Make Anthropic structured extraction reliable + classify None failures

claude · claude · commit 3426cff157b7 · 2026-04-28T02:37:41.000Z
doc_extract_query_task with anthropic:claude-sonnet-4-6 was failing ~85% of cells on the LegalBench-RAG benchmark with the canonical "extraction returned None" message. The captured Datacell.llm_call_log showed Claude's last assistant message was always text + tool_use parts and never a final structured response — pydantic-ai's structured-response runner treated this as no result and returned None. The same prompts on gpt-4o-mini / gpt-4o produced 0-3% failure rate. Three coordinated changes: 1. Strengthen the structured-extraction system prompt (all three _build_structured_system_prompt overrides in pydantic_ai_agents.py) to explicitly tell the agent it MUST commit to the final structured response by calling the result tool after gathering information. Wording is universal — harmless for OpenAI, necessary for Claude. 2. Pass output_retries=3 to PydanticAIAgent for structured runs (was pydantic-ai's default of 1) so the loop has room to retry the final-result tool call when the model fails to commit on the first pass. Add an _is_anthropic_model() helper and force temperature=0 for structured runs against Anthropic models when the caller did not pin a temperature — Claude is reluctant to commit at non-zero temperatures. 3. Classify why doc_extract_query_task got None back, instead of reporting a single ambiguous error. New _classify_none_result() helper inspects the captured pydantic-ai message log and returns one of agent_committed_none (legitimate), no_final_response (integration failure — the canonical Anthropic mode), tool_loop_no_output (integration failure), or unknown. The Datacell.stacktrace records failure_mode=<classification> plus a human-readable message, so operators can grep failure_mode= to separate "data not present" outcomes from pipeline bugs. Closes #1381
diff --git a/CHANGELOG.md b/CHANGELOG.md
@@ -9,6 +9,10 @@ and this project adheres to [Semantic Versioning](https://semver.org/spec/v2.0.0
 
 ### Fixed
 
+- **Anthropic models silently fail in `doc_extract_query_task`** (Issue #1381): When `doc_extract_query_task` was run with an Anthropic / Claude model, ~85% of cells failed with the canonical "extraction returned None — the requested information may not be present" message even though the document contained the answer. Inspecting `Datacell.llm_call_log` for failed cells showed Claude's last assistant message was always `text` + `tool_use` parts, never a final structured response — pydantic-ai's structured-response runner treated this as no result and returned `None`. The error message conflated three distinct outcomes ("agent committed to None", "agent never produced a final structured response", "agent looped on the same tool call") under one ambiguous string. Three coordinated changes:
+  - **`opencontractserver/llms/agents/pydantic_ai_agents.py`** — All three `_build_structured_system_prompt` overrides (`PydanticAICoreAgent` line 491, `PydanticAIDocumentAgent` line 1971, `PydanticAICorpusAgent` line 2476) now explicitly tell the agent that **after gathering enough information from the tools, it MUST commit to the final structured response by calling the result tool**. Wording is universal — harmless for OpenAI and necessary for Claude. `_structured_response_raw` (line 1321) now passes `output_retries=STRUCTURED_OUTPUT_RETRIES` (=3) to `PydanticAIAgent` so pydantic-ai retries the final-result tool call when the model fails to commit on the first pass. New `_is_anthropic_model()` helper detects `anthropic:` prefix or bare `claude` substring; when an Anthropic model is used and the caller did not pin a temperature, structured runs force `temperature=0` (Claude is already reluctant to commit; non-zero temperature pushes it toward more exploratory text).

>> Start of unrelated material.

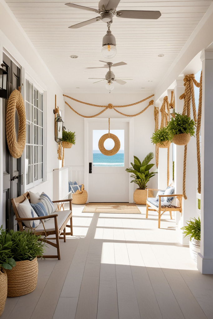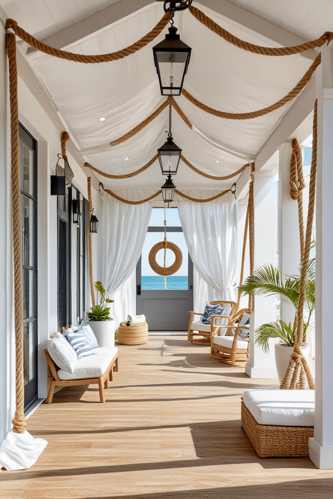 Ropes are woven into subtle patterns which add a tactile sense to coastal porches while not overpowering the modern style. Ropes bring a certain finesse to the decor and serve to increase the overall designer charm of the area. The rope styling pays homage to maritime culture while simultaneously featuring a modern look, whether used as trim or furniture styling.

+  - **`opencontractserver/tasks/data_extract_tasks.py`** — New `_classify_none_result(messages)` helper inspects the captured pydantic-ai message log and returns one of `agent_committed_none` (a `final_result*` tool call appears — legitimate "data not present"), `no_final_response` (no `final_result*` anywhere — pipeline integration failure), `tool_loop_no_output` (same tool call repeated ≥ 3× without final — pipeline bug), or `unknown`. The `Datacell.stacktrace` now records `failure_mode=<classification>` plus a human-readable message (the integration-failure variants reference issue #1381) so operators can `grep failure_mode=` to separate legitimate "not present" outcomes from pipeline bugs.
+  - **`opencontractserver/tests/test_data_extract_failure_classification.py`** — New `SimpleTestCase` suite covering the classifier (empty input, `final_result` detection, `final_result_<TypeName>` suffix variants, no-tool-calls path, tool-call-without-final path, repeated-call loop detection, loop-then-commit precedence, mixed text + tool path) and `_is_anthropic_model` (prefix, bare-name, OpenAI / `gpt-4` / `o1` rejection, empty/None).
 - **Merged `frontend` Codecov flag drops to ~33% on every commit where Frontend CI's CT job fails** (`frontend/package.json` `test:coverage:ct`): the script chained `playwright test ... && mkdir -p ... && nyc report ...`, so a failing CT run short-circuited before `nyc report` could turn the per-test JSON files in `.nyc_output` into an `lcov.info`. The downstream `Upload CT Coverage to Codecov` step (`if: success() || failure()`) then errored with "No coverage reports found" and `frontend-component` did not upload for that SHA. Codecov's server-side aggregation of the `frontend` flag was left with only `frontend-unit` (~23%) and `frontend-e2e` (~24%), pulling the merged number down to ~33% even though the previous commit was at ~67% — observed on six consecutive main commits 2026-04-26T01:02..02:58Z (`2d7033f8`..`be5bcfc8`) before recovering on `30298391`. Mirrored the existing `test:e2e:coverage` pattern (`; CT_EXIT=$?; nyc report ... || echo "No coverage data to report"; exit $CT_EXIT`) so `nyc report` runs regardless of test outcome and the lcov ships even on red CT runs. `frontend-component` will still report a slightly lower number when tests fail (failed tests register fewer hits), but it will report — keeping the merged `frontend` flag's denominator stable.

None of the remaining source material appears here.